→ **Task to complete**
Give the whole listing below once more, exactly, without pictures.

→ **Exercise data**
Content starts

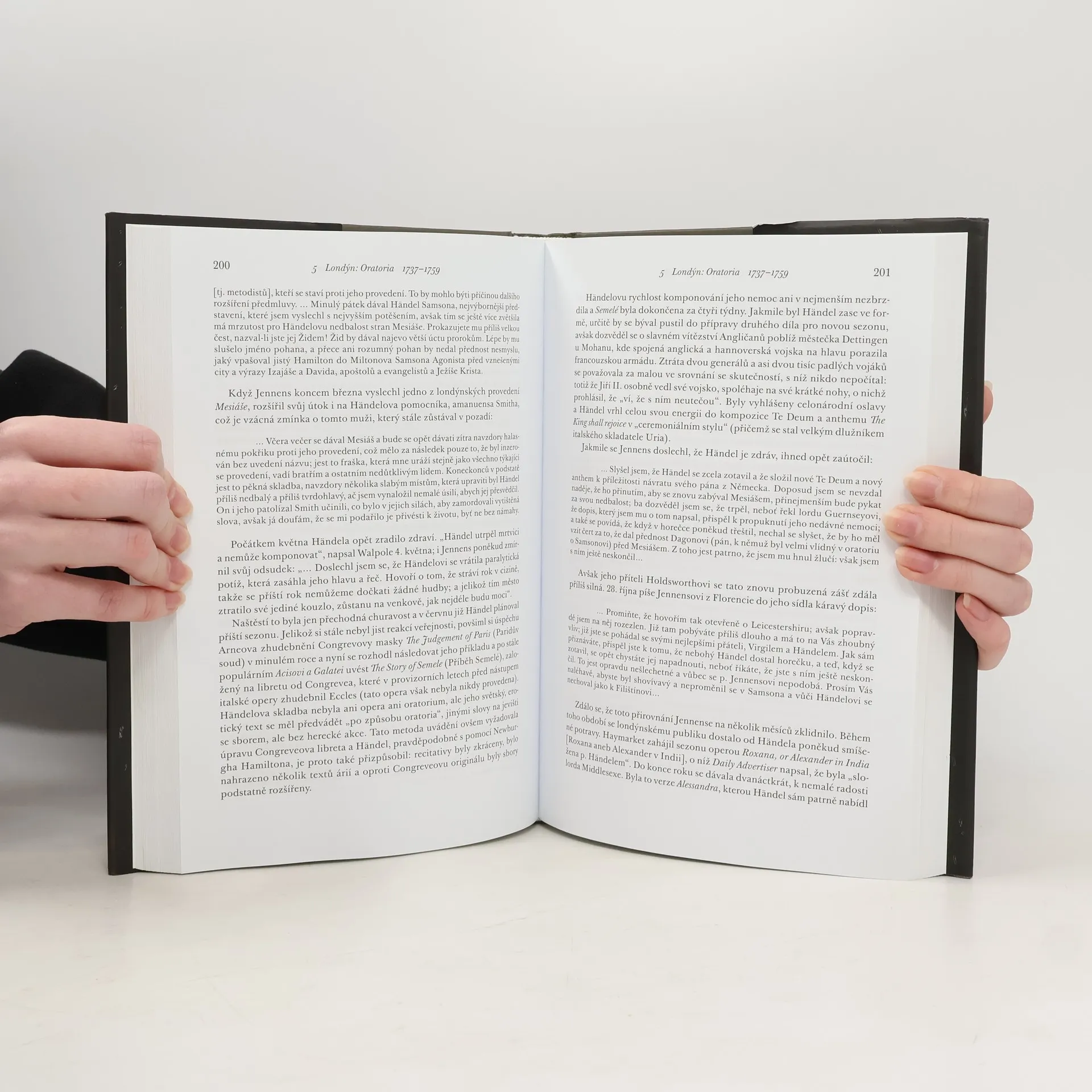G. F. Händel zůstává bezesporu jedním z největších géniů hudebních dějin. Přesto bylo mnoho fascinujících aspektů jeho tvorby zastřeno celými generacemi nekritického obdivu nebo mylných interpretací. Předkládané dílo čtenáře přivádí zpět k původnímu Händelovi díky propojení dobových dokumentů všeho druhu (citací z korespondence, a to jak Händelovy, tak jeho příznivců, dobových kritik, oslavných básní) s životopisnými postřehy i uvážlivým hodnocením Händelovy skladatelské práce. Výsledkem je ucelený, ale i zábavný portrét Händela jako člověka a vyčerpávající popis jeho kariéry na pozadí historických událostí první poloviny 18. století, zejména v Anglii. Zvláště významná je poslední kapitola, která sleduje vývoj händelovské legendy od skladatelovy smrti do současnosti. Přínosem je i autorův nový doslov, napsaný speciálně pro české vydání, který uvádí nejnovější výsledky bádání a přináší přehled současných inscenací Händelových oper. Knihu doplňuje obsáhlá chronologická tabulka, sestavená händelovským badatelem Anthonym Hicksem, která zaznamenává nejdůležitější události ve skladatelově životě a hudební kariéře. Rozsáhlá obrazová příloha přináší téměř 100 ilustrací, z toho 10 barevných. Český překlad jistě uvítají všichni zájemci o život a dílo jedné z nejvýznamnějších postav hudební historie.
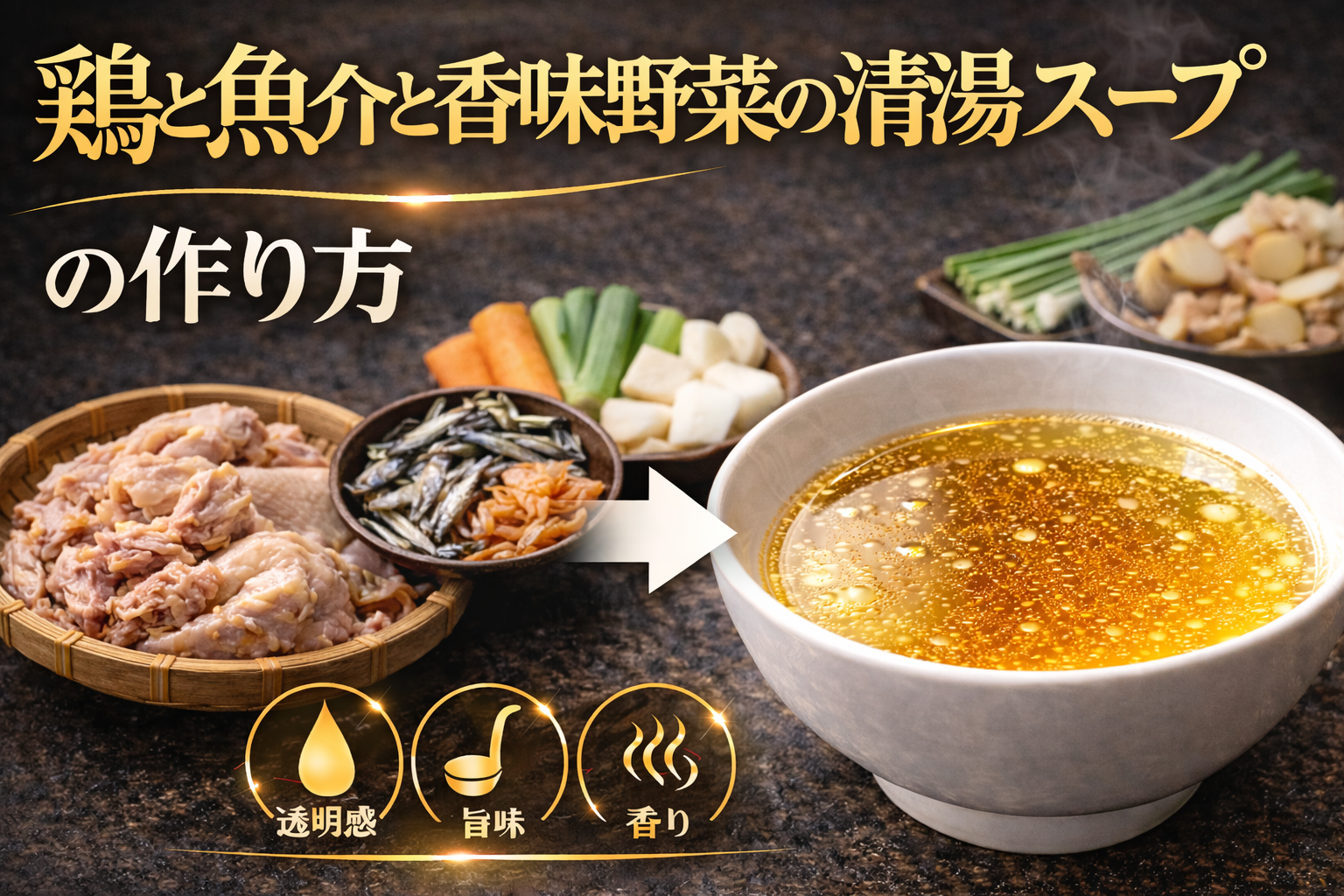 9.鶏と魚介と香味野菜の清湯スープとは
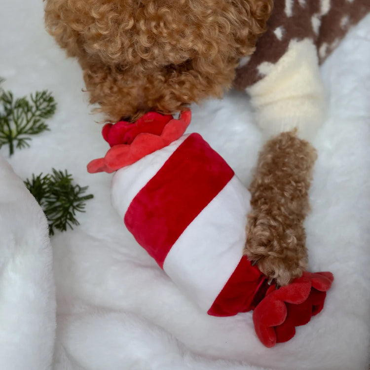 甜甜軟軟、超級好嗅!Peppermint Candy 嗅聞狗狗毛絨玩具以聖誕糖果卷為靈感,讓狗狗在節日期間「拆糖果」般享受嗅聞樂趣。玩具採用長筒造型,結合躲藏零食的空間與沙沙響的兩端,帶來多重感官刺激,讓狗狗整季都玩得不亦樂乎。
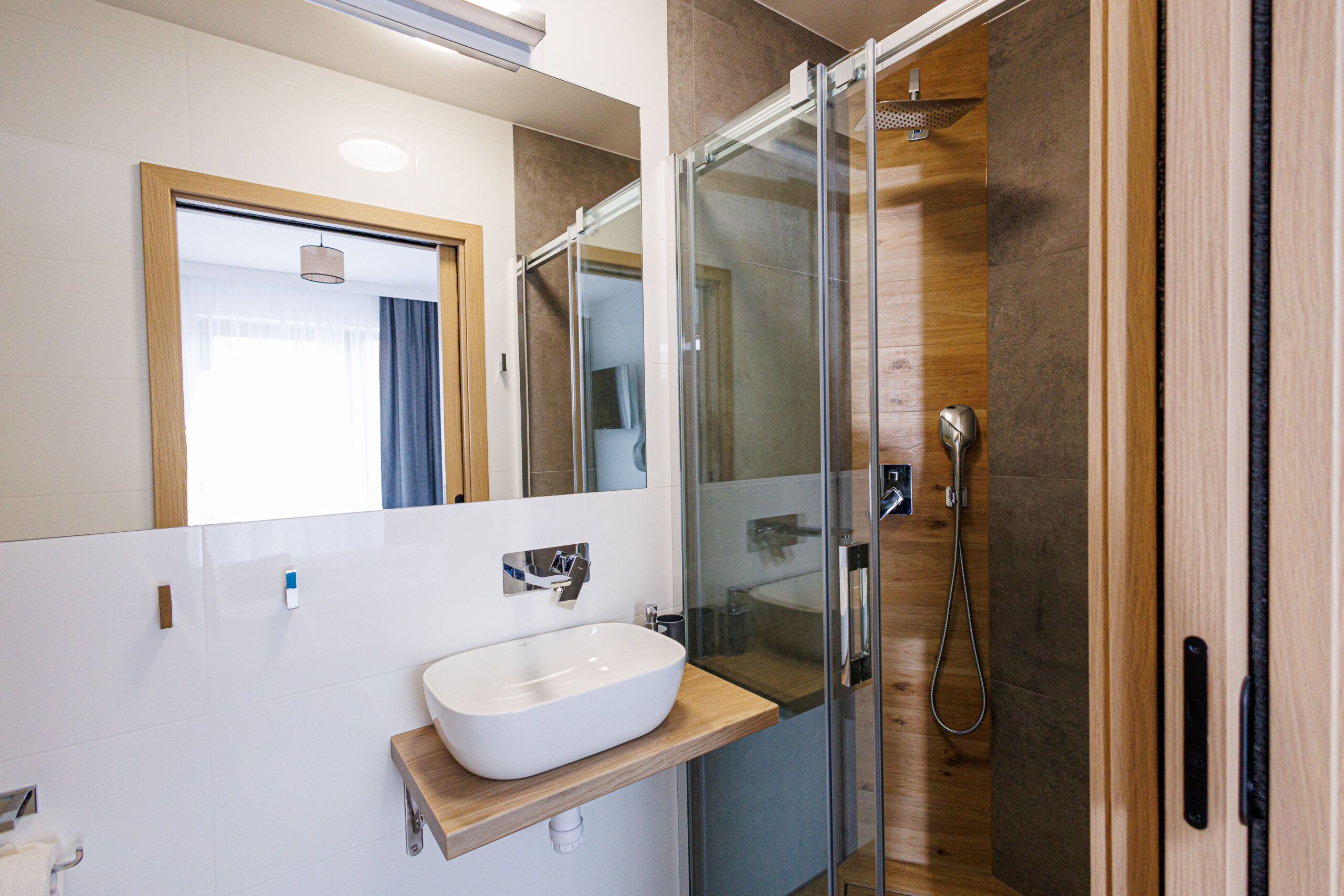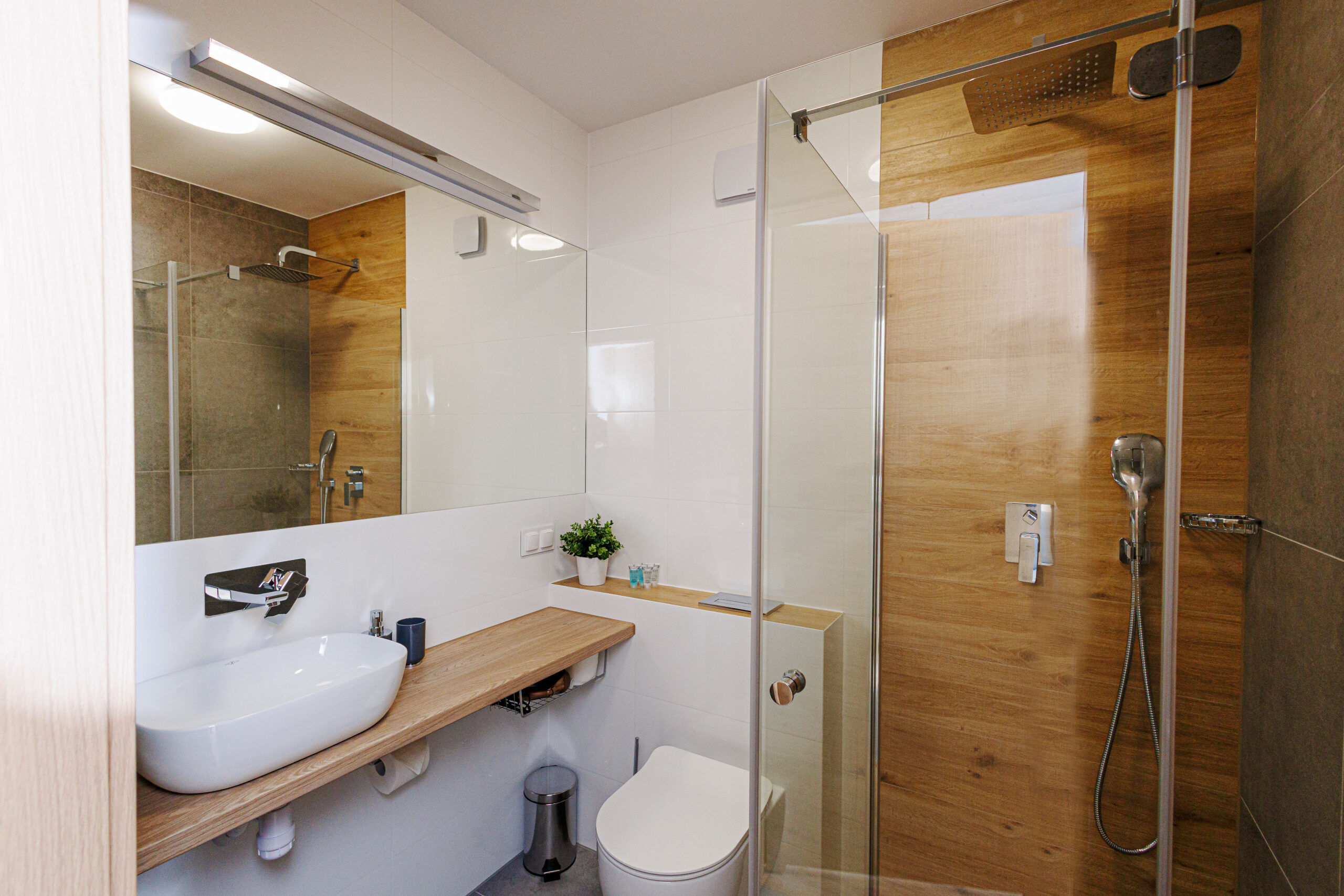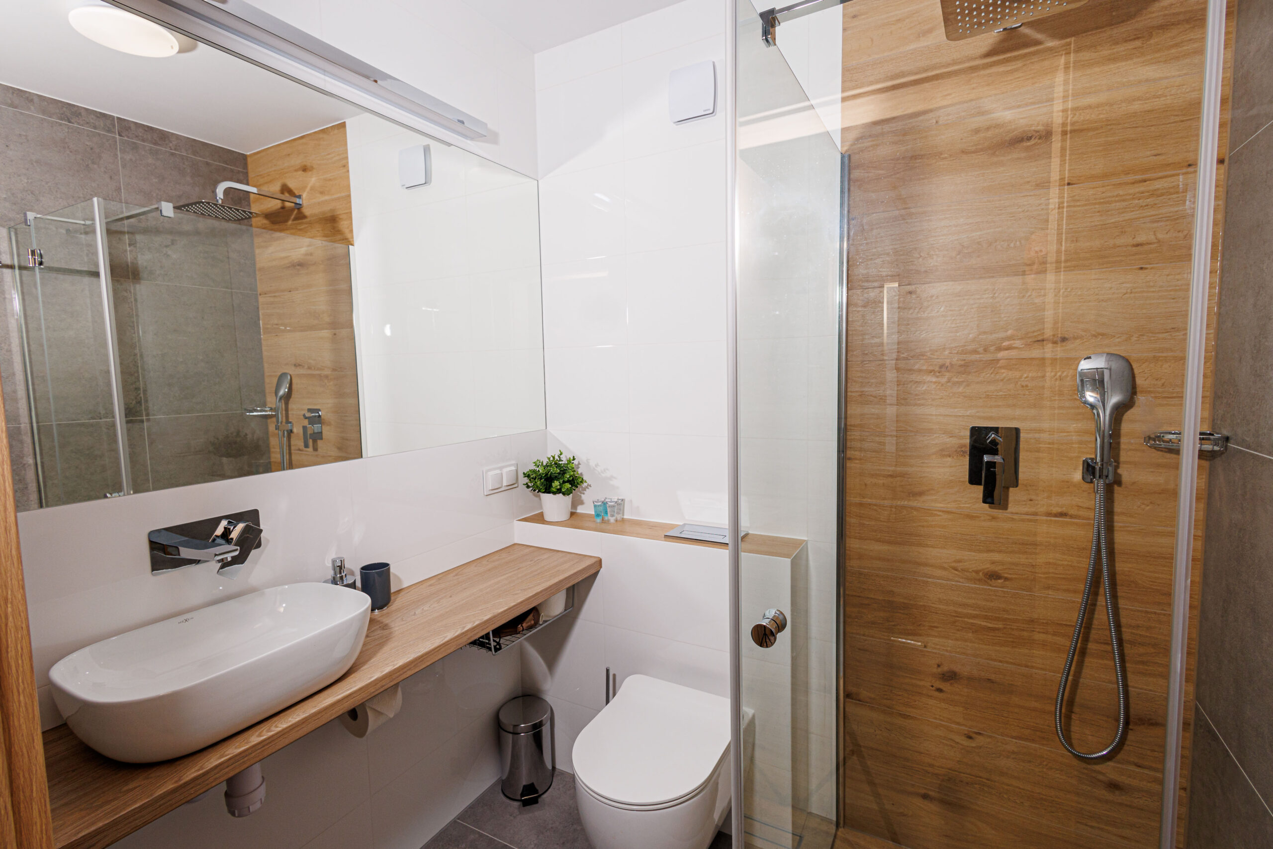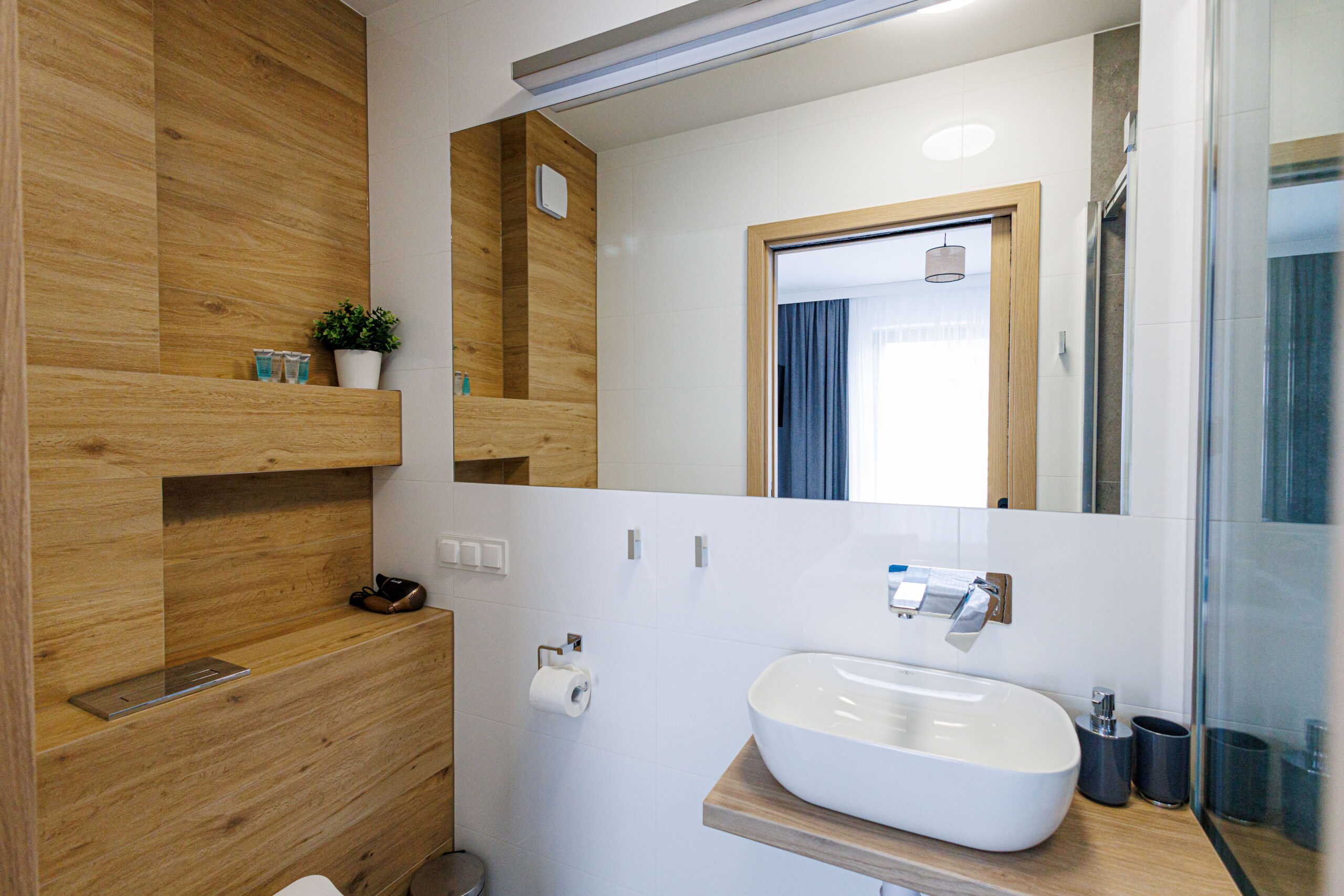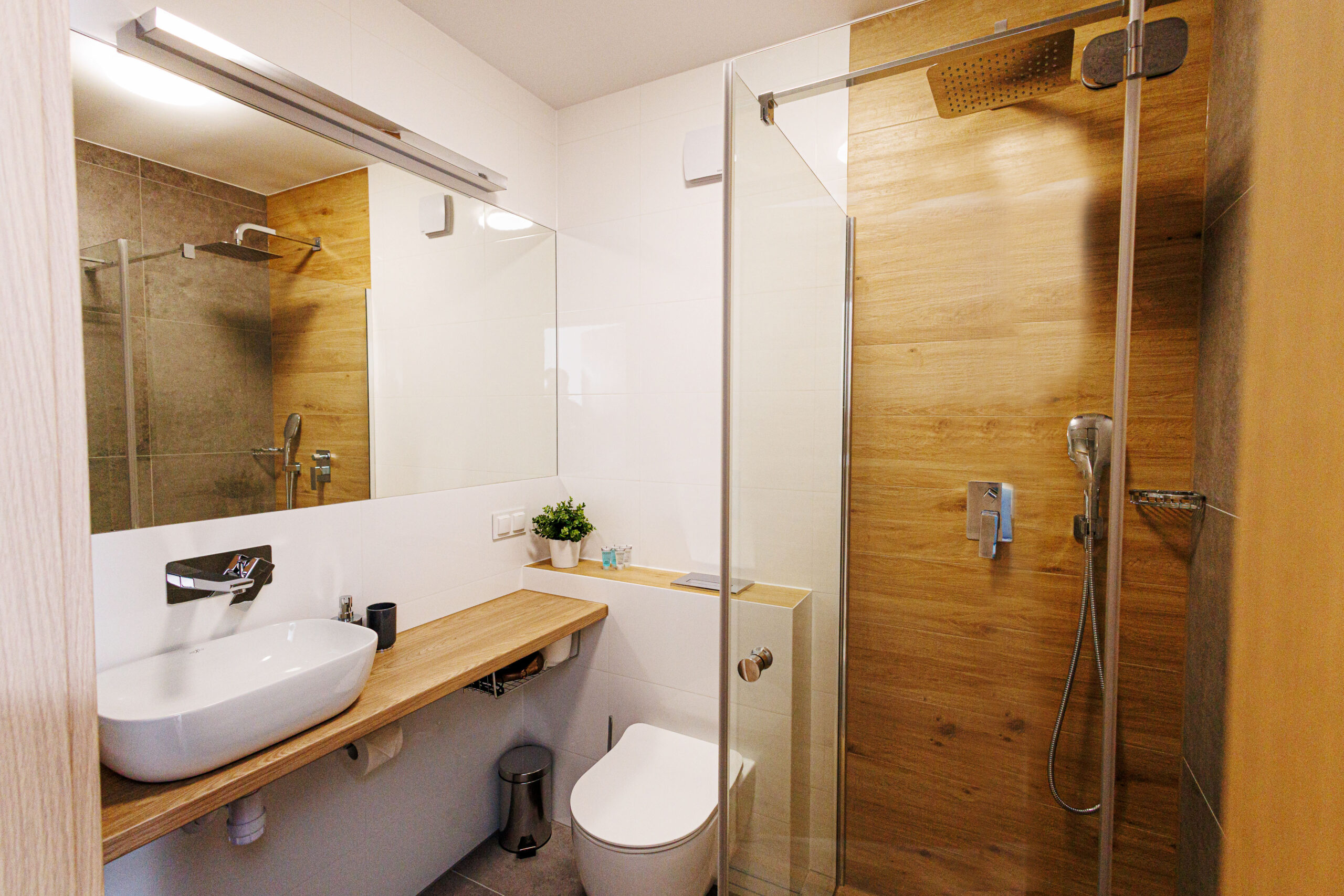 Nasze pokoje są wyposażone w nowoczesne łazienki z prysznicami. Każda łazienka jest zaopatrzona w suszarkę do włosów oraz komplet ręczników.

Content ends

→ **Output for this task**
G. F. Händel zůstává bezesporu jedním z největších géniů hudebních dějin. Přesto bylo mnoho fascinujících aspektů jeho tvorby zastřeno celými generacemi nekritického obdivu nebo mylných interpretací. Předkládané dílo čtenáře přivádí zpět k původnímu Händelovi díky propojení dobových dokumentů všeho druhu (citací z korespondence, a to jak Händelovy, tak jeho příznivců, dobových kritik, oslavných básní) s životopisnými postřehy i uvážlivým hodnocením Händelovy skladatelské práce. Výsledkem je ucelený, ale i zábavný portrét Händela jako člověka a vyčerpávající popis jeho kariéry na pozadí historických událostí první poloviny 18. století, zejména v Anglii. Zvláště významná je poslední kapitola, která sleduje vývoj händelovské legendy od skladatelovy smrti do současnosti. Přínosem je i autorův nový doslov, napsaný speciálně pro české vydání, který uvádí nejnovější výsledky bádání a přináší přehled současných inscenací Händelových oper. Knihu doplňuje obsáhlá chronologická tabulka, sestavená händelovským badatelem Anthonym Hicksem, která zaznamenává nejdůležitější události ve skladatelově životě a hudební kariéře. Rozsáhlá obrazová příloha přináší téměř 100 ilustrací, z toho 10 barevných. Český překlad jistě uvítají všichni zájemci o život a dílo jedné z nejvýznamnějších postav hudební historie.
 9.鶏と魚介と香味野菜の清湯スープとは
 甜甜軟軟、超級好嗅!Peppermint Candy 嗅聞狗狗毛絨玩具以聖誕糖果卷為靈感,讓狗狗在節日期間「拆糖果」般享受嗅聞樂趣。玩具採用長筒造型,結合躲藏零食的空間與沙沙響的兩端,帶來多重感官刺激,讓狗狗整季都玩得不亦樂乎。
 Nasze pokoje są wyposażone w nowoczesne łazienki z prysznicami. Każda łazienka jest zaopatrzona w suszarkę do włosów oraz komplet ręczników.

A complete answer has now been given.